AE 15: Modeling houses in Duke Forest

Application exercise

In this application exercise, we will

use bootstrapping to quantify the uncertainty around a measure of center – median
use bootstrapping to quantify the uncertainty around a measure of relationship – slope
interpret confidence intervals

The dataset are on housing prices in Duke Forest – a dataset you’ve seen before! It’s called duke_forest and it’s in the openintro package. Additionally, we’ll use tidyverse and tidymodels packages.

library(tidyverse)
library(tidymodels)
library(openintro)

Typical size of a house in Duke Forest

Exercise 1

Visualize the distribution of sizes of houses in Duke Forest. What is the size of a typical house?

# add code here

Exercise 2

Construct a 95% confidence interval for the typical size of a house in Duke Forest. Interpret the interval in context of the data.

# add code here

Add interpretation here.

Exercise 3

Without calculating it – would a 90% confidence interval be wider or narrower?
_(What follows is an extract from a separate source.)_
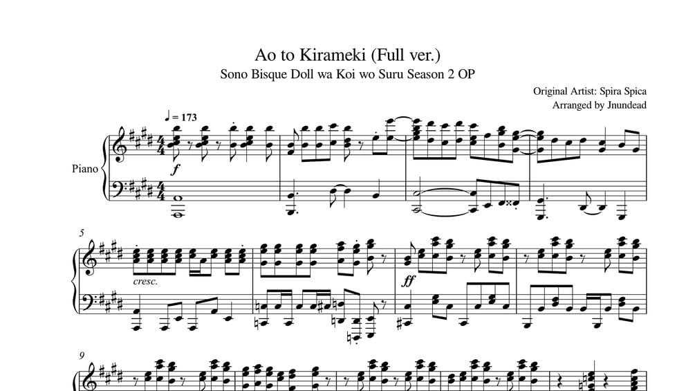 [Sono Bisque Doll wa Koi wo Suru Season 2 OP] Ao to Kirameki (Full ver.) Piano ArrangementJnundead - Anime on Piano$2+2usdPDF Only$3+3usdMIDI Only$5+5usdPDF + MIDI32usdName a fair price:$I want this!Add to wishlist New wishlistShareShare on XShare on Facebook Copy linkCopy product URL

Why?

Add response here.

Exercise 4

Construct the 90% confidence interval and interpret it.

# add code here

Add interpretation here.

Relationship between price and size

The following model predicts price of a house in Duke Forest from its size.
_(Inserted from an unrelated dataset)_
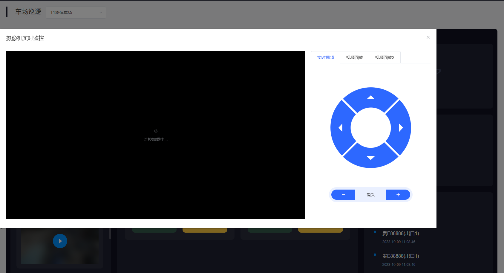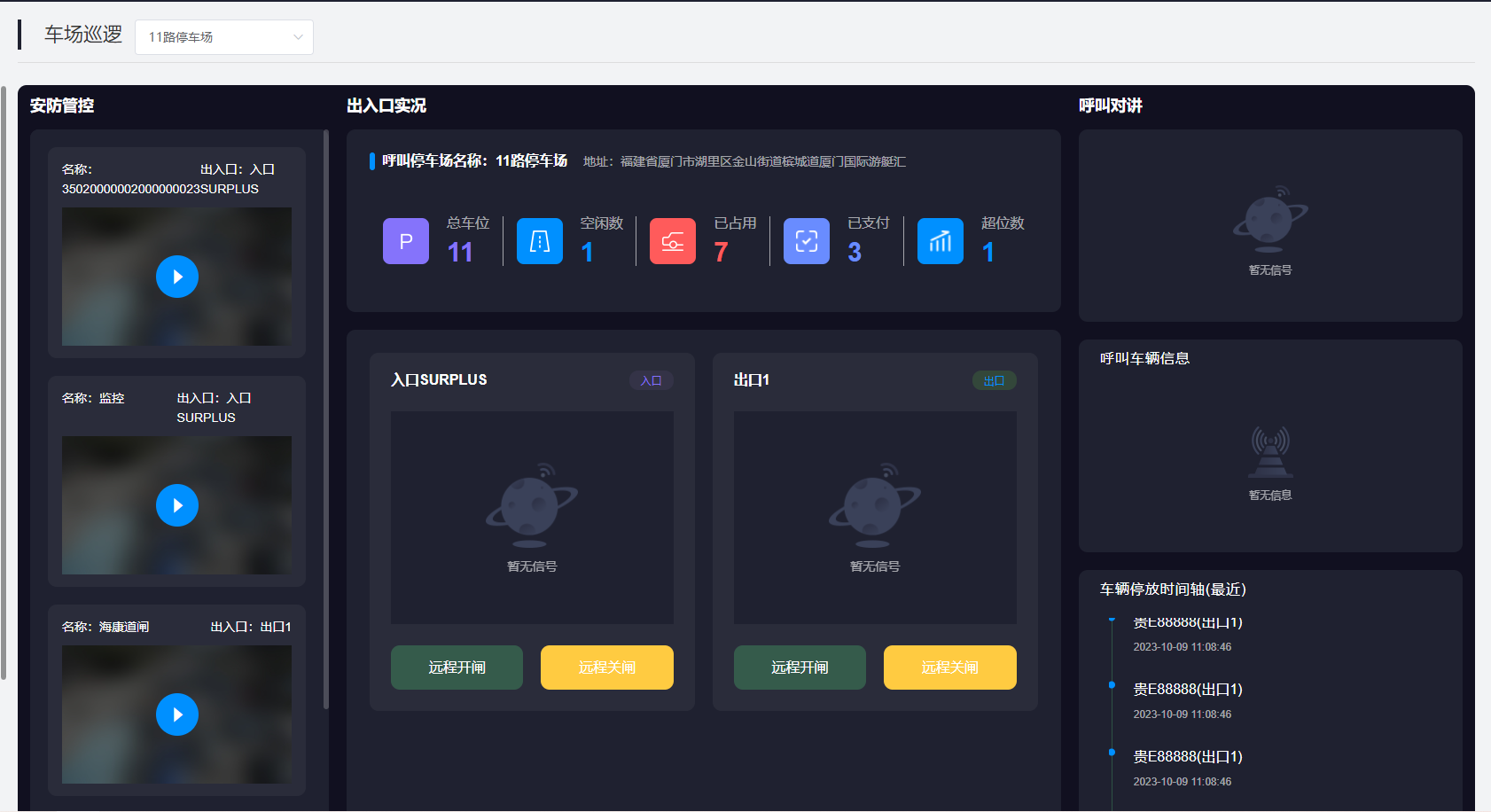 可以在车场巡逻上查看到车场的监控数据实况并远程开关闸。

df_price_area_fit <- linear_reg() |>
  fit(price ~ area, data = duke_forest)

tidy(df_price_area_fit)

# A tibble: 2 × 5
  term        estimate std.error statistic  p.value
  <chr>          <dbl>     <dbl>     <dbl>    <dbl>
1 (Intercept)  116652.   53302.       2.19 3.11e- 2
2 area            159.      18.2      8.78 6.29e-14

The slope can be interpreted as:

For each additional square feet, the model predicts that prices of houses in Duke Forest are higher by $159, on average.

Exercise 5

Quantify the uncertainty around this slope using a 95% bootstrap confidence interval and interpret the interval in context of the data.

# add code here

Add interpretation here.